# Installing Ea Game



## icy56 (Oct 3, 2011)

I don't know why but every EA game I try to install it tells me it needs to download and I click on download.. but when it cones up showing percentage it just says NaN and does nothing.. added a picture


----------



## amysor (Oct 22, 2011)

I think you need to buy the app from market


----------



## situbusitgooddog (Sep 3, 2011)

amysor said:


> I think you need to buy the app from market


To be fair, a lot of the legitimately purchased EA apps seem to have this problem at the minute - I was tempted to buy one or two that were in the halloween sale but all of the recent reviews were mentioning the NaN % download problem so I didn't bother.


----------



## fantasyay (Oct 28, 2011)

I also got this problem yesterday..
But when I tried the third time,it works well...


----------



## felixaj (Oct 18, 2011)

I was able to get it to work by purchasing it (Madden 12) on my phone, then downloading the full files (NaN) files on my phone then downloading the game from the market on my touchpad then copying the game folder from the root of the SD card from my phone to the root of the "SD" card on my toucgpad. Worked like a charm. I purchased the game so I hope this was ok to do...


----------



## felixaj (Oct 18, 2011)

Btw.

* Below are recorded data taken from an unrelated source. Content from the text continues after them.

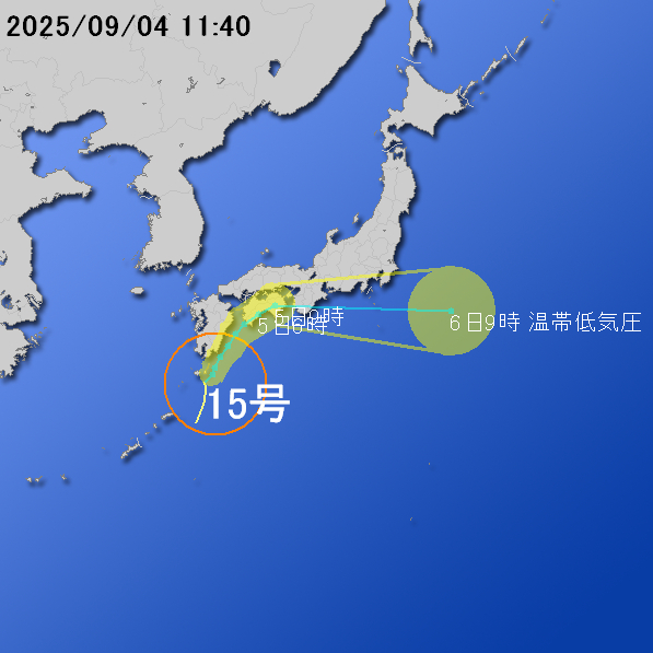台風第15号は、4日は九州にかなり接近し、その後、進路を東よりに変え、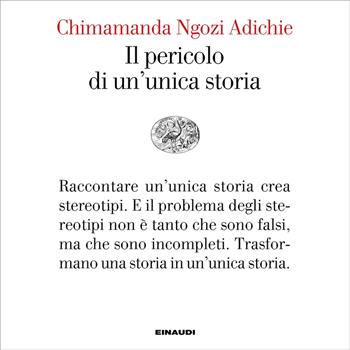 «Quando rifiutiamo l'unica storia, quando ci rendiamo conto che non c'è mai un'unica storia per nessun luogo, riconquistiamo una sorta di paradiso». Cosí si esprime Chimamanda Ngozi Adichie in questo mirabile testo, che riprende la sua prima celebre conferenza TED del 2009. È un libro di estrema universalità e attualità. Riguarda il rischio che corriamo ogni volta che semplifichiamo, vedendo la realtà attraverso un unico punto di vista. Adichie racconta cosí come ha trovato la sua autentica voce culturale. È particolarmente interessante il sovrapporsi di due piani diversi: quello della poetica dello scrittore (la voce che lo scrittore deve trovare); e quello civile e politico: il pericolo di un'unica storia è il pericolo dell'appiattimento culturale, di una visione identitaria che cancella culture e punti di vista alternativi. «Molte storie sono importanti. Le storie sono state usate per espropriare e per diffamare. Ma le storie si possono usare anche per dare forza e umanizzare. Le storie possono spezzare la dignità di un popolo. Ma le storie possono anche riparare quella dignità spezzata».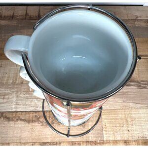 This Pier 1 Imports stacking mug set features a festive snowman design, ideal for holiday entertaining or personal use. Made from durable porcelain, these mugs are perfect for serving hot beverages. The set includes a metal stand for convenient storage and display. Ideal for adding a touch of holiday charm to your collection.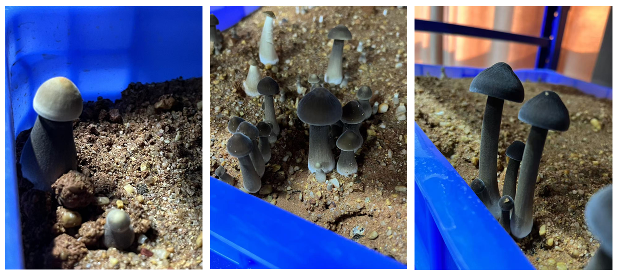 此次黑皮鸡枞菌的栽培采用覆土栽培方式。经过食用菌产业团队对黑皮鸡枞菌栽培条件的摸索、讨论和实践后,引种培育的黑皮鸡枞菌终于破土而出。伴随着悉心照顾,菌株茁壮生长,此次黑皮鸡枞菌的引种与培育圆满成功。

The NaN files were downloaded to my phone simply by starting the game on the phone and letting the game download the files.


----------



## xSLUGx (Aug 24, 2011)

I think the games check the device type while it downloads, I had a problem with fifa where it just stays at 5%. Bu thats a good idead download to your phone then transfer to your touchpad.


----------



## icy56 (Oct 3, 2011)

Thanks that worked I just downloaded dead space to my. Phone then transferred it to my TP workeds great... dead space is amazing on the TP btw


----------